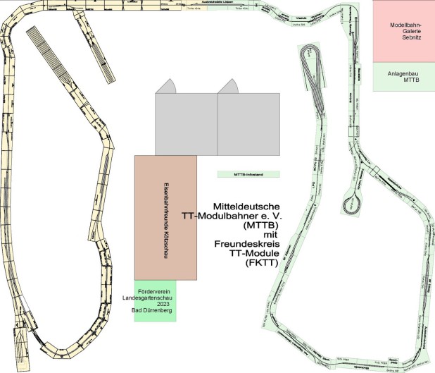 Über die Ausweichstelle Lössen werden vom MTTB zum FKTT und umgekehrt übergeben und fahren dann im jeweils anderen Teil des Modularrangements. Dabei passieren sie die jeweils ersten Betriebsstellen, die Haltestelle Schkona beim FKTT mit Haltepunkt und Abzweigstelle und den Abzweig Olsenbande beim MTTB. Damit wird auf einer Fläche von rund 400 m2 ein interessanter Betriebsablauf gestaltet, wie er abwechslungsreicher nicht sein kann. Daneben wird es auf den verschiedensten Modulen zahlreiche Details für die Besucher zu entdecken geben. Ein besonderer Hingucker ist der Neubau des Empfangsgebäudes vom Bahnhof Dölzig, dass eine entsprechende Inneneinrichtung besitzt.
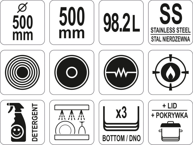 YATO GASTRO Fazék fedővel 98,2 liter 500 x 500 mm inox
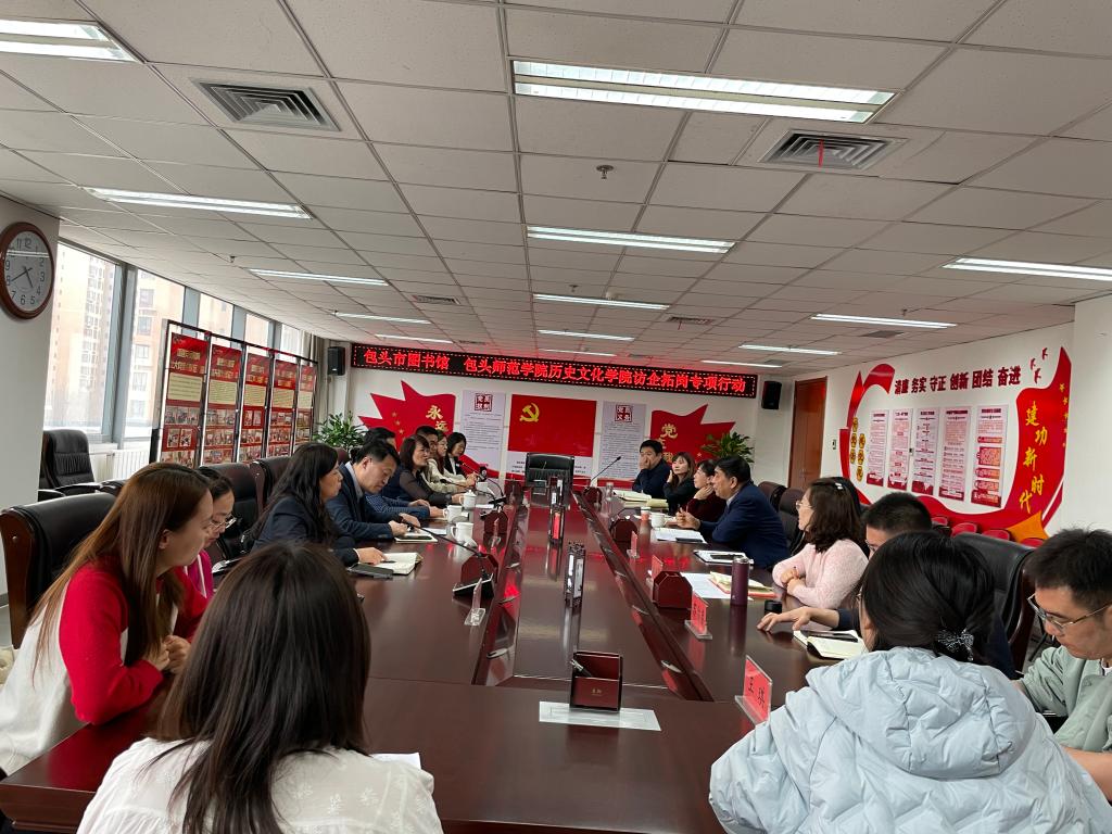 此次调研旨在深化与包头市图书馆的合作关系,共同探索新的就业岗位,并进一步推动产学研用的深度融合。包头市图书馆党支部书记、馆长王立新、副馆长武咏梅及各科室主任和图书馆学专业优秀毕业生出席调研活动。
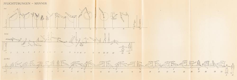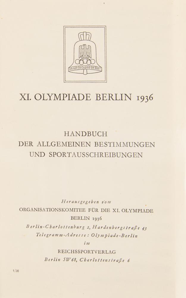 German-language book: XI Olympiade Berlin 1936 Handbuch der Allgemeinen Bestimmungen und Sportausschreibungen [Handbook of General Regulations and Sport Regulations]. Berlin: Reichssportverlag, 1936. Hardcover, 5 x 7.5, 332 pages. The detailed handbook offers the rules, regulations, and guidelines for the events of the Berlin 1936 Summer Olympics, and includes a number of fold-out charts, maps, and diagrams in the rear. In fine condition.
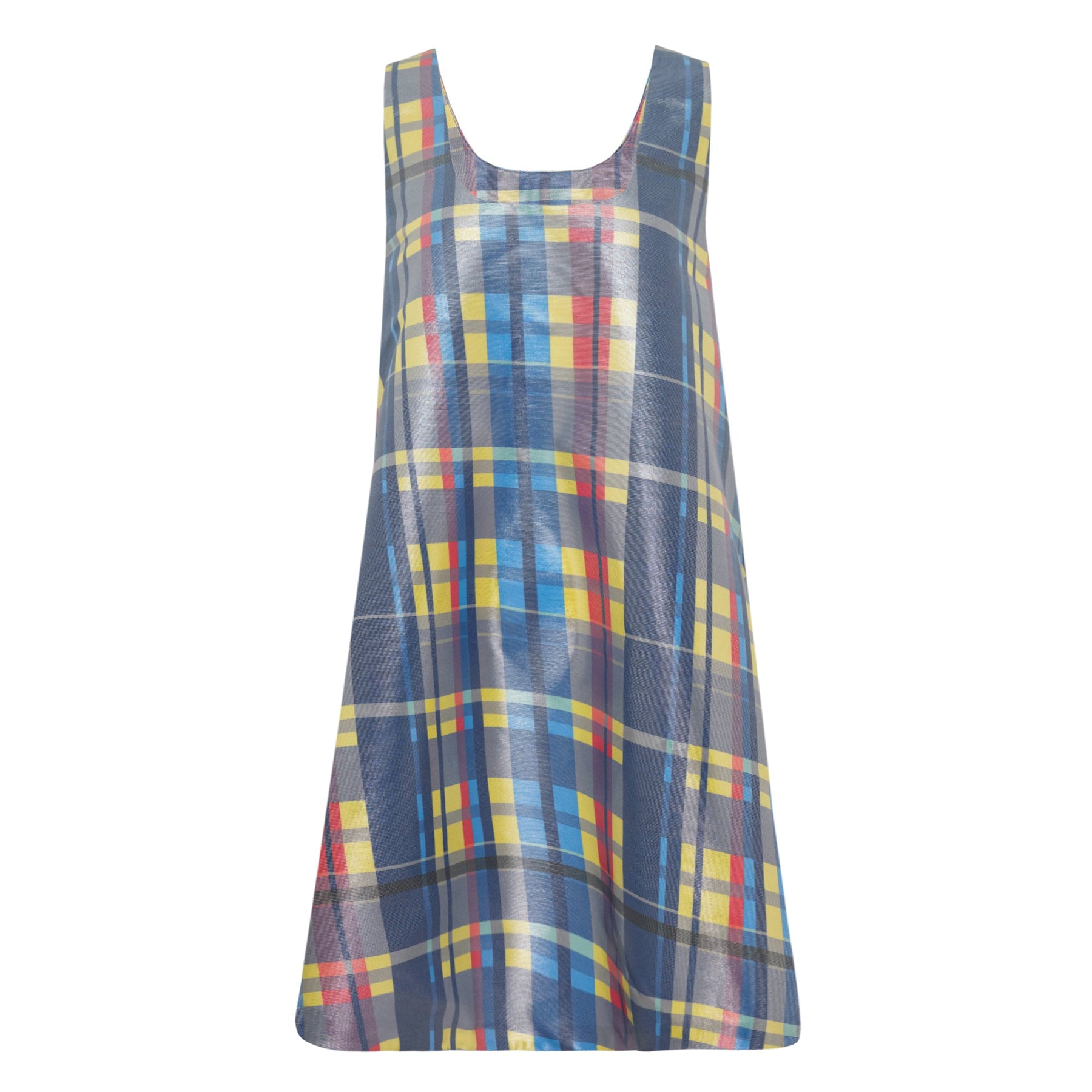 ENFOLD Plaid Mini Jumper Dress delivers contemporary Japanese minimalism with vibrant plaid patterning and relaxed silhouette. Crafted from lightweight cotton blend fabric in multicolored blue, yellow, and red check pattern, featuring a sleeveless design and A-line construction. The brand's signature modern approach to classic silhouettes creates an effortlessly chic piece for everyday sophistication.
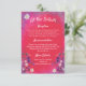 Vibrant, hand drawn raspberry pink design with wildflowers - Wedding RSVP card vertical
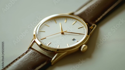 Elegant Gold Watch with Brown Leather Strap on Light Background
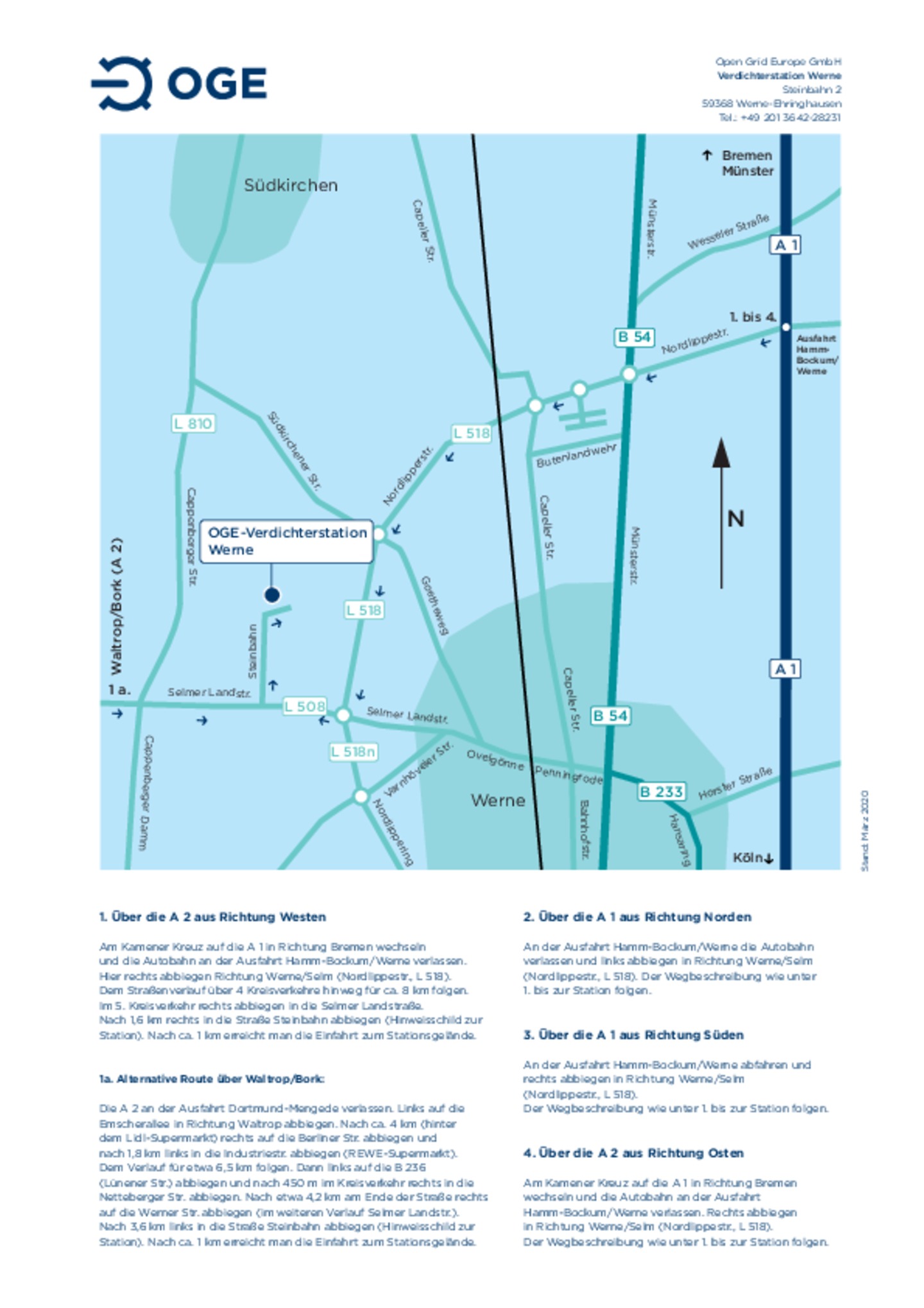 Anfahrtsskizze zur Betriebsstelle und Verdichterstation Werne
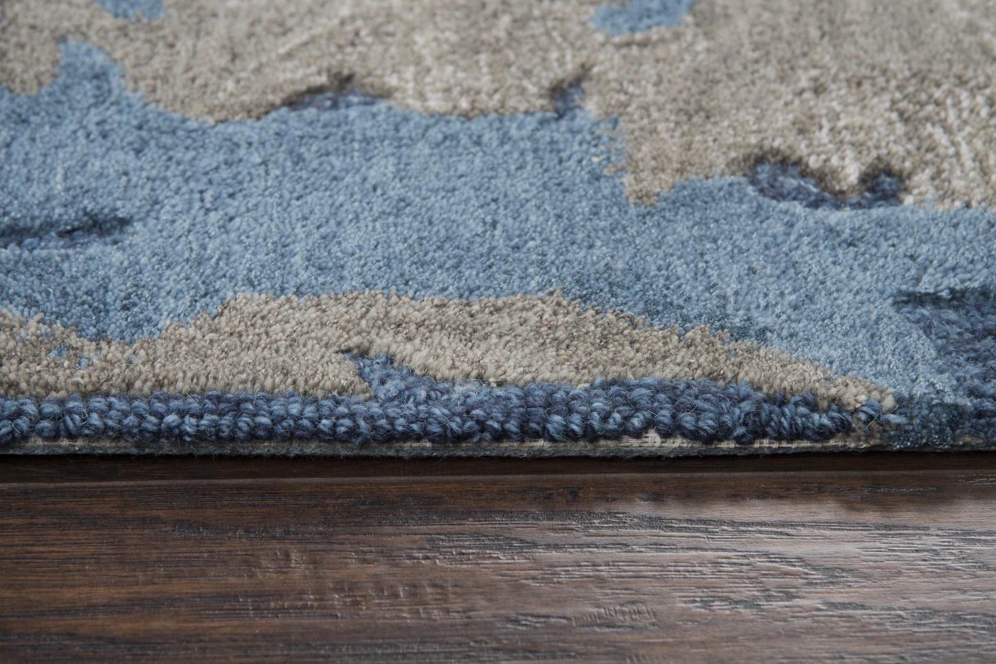 You home or office will be transported to a tropical paradise with the blue, dark blue, grey, and ivory colors. The Mod collection by Rizzy Home is the ideal balance of function and style. This fine, hand-tufted and hand-carved creation is hand drawn by a skilled artisan to beautify your room in fabulous style. The yarn is chosen from all over the globe and is 80-percent wool and 20-percent Tencel.
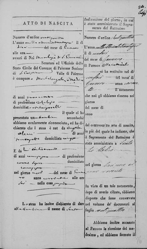 Angela Arceri was born on November 16, 1823 in Santa Cristina, Palermo, Sicilia, Italy. She and
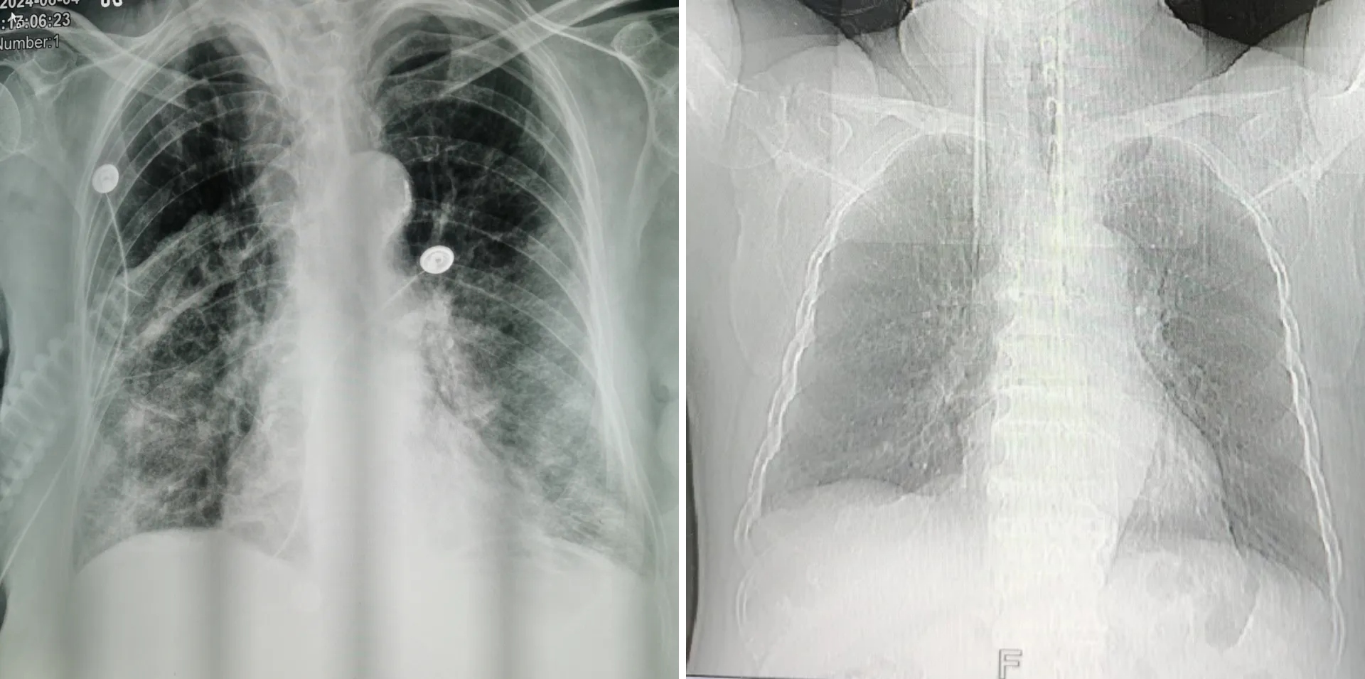 ICU医护团队第一时间召开紧急病例讨论会,为马阿姨制定了精密的治疗方案。在动态复查血气、关注炎症、凝血、肝肾功能及电解质水平的基础上,予无创呼吸机辅助呼吸,提高氧供,改善氧合,减轻心脏负荷。结合床旁胸片给予静滴以防止感染,配合雾化吸入降低气道炎症,改善气道痉挛,帮助患者祛痰……5日后,复查结果显示,马阿姨恢复良好,不仅意识清楚,精神状态也好了起来,能够顺畅地和医护进行交流。看到马阿姨转危为安,家属悬着的心终于放下了。

## AIM OF THE TASK
Line by line, write out the entries exactly, and leave the pictures out.

## SOLUTION
 Über die Ausweichstelle Lössen werden vom MTTB zum FKTT und umgekehrt übergeben und fahren dann im jeweils anderen Teil des Modularrangements. Dabei passieren sie die jeweils ersten Betriebsstellen, die Haltestelle Schkona beim FKTT mit Haltepunkt und Abzweigstelle und den Abzweig Olsenbande beim MTTB. Damit wird auf einer Fläche von rund 400 m2 ein interessanter Betriebsablauf gestaltet, wie er abwechslungsreicher nicht sein kann. Daneben wird es auf den verschiedensten Modulen zahlreiche Details für die Besucher zu entdecken geben. Ein besonderer Hingucker ist der Neubau des Empfangsgebäudes vom Bahnhof Dölzig, dass eine entsprechende Inneneinrichtung besitzt.
 YATO GASTRO Fazék fedővel 98,2 liter 500 x 500 mm inox
 此次调研旨在深化与包头市图书馆的合作关系,共同探索新的就业岗位,并进一步推动产学研用的深度融合。包头市图书馆党支部书记、馆长王立新、副馆长武咏梅及各科室主任和图书馆学专业优秀毕业生出席调研活动。
 German-language book: XI Olympiade Berlin 1936 Handbuch der Allgemeinen Bestimmungen und Sportausschreibungen [Handbook of General Regulations and Sport Regulations]. Berlin: Reichssportverlag, 1936. Hardcover, 5 x 7.5, 332 pages. The detailed handbook offers the rules, regulations, and guidelines for the events of the Berlin 1936 Summer Olympics, and includes a number of fold-out charts, maps, and diagrams in the rear. In fine condition.
 ENFOLD Plaid Mini Jumper Dress delivers contemporary Japanese minimalism with vibrant plaid patterning and relaxed silhouette. Crafted from lightweight cotton blend fabric in multicolored blue, yellow, and red check pattern, featuring a sleeveless design and A-line construction. The brand's signature modern approach to classic silhouettes creates an effortlessly chic piece for everyday sophistication.
 Vibrant, hand drawn raspberry pink design with wildflowers - Wedding RSVP card vertical
 Elegant Gold Watch with Brown Leather Strap on Light Background
 Anfahrtsskizze zur Betriebsstelle und Verdichterstation Werne
 You home or office will be transported to a tropical paradise with the blue, dark blue, grey, and ivory colors. The Mod collection by Rizzy Home is the ideal balance of function and style. This fine, hand-tufted and hand-carved creation is hand drawn by a skilled artisan to beautify your room in fabulous style. The yarn is chosen from all over the globe and is 80-percent wool and 20-percent Tencel.
 Angela Arceri was born on November 16, 1823 in Santa Cristina, Palermo, Sicilia, Italy. She and
 ICU医护团队第一时间召开紧急病例讨论会,为马阿姨制定了精密的治疗方案。在动态复查血气、关注炎症、凝血、肝肾功能及电解质水平的基础上,予无创呼吸机辅助呼吸,提高氧供,改善氧合,减轻心脏负荷。结合床旁胸片给予静滴以防止感染,配合雾化吸入降低气道炎症,改善气道痉挛,帮助患者祛痰……5日后,复查结果显示,马阿姨恢复良好,不仅意识清楚,精神状态也好了起来,能够顺畅地和医护进行交流。看到马阿姨转危为安,家属悬着的心终于放下了。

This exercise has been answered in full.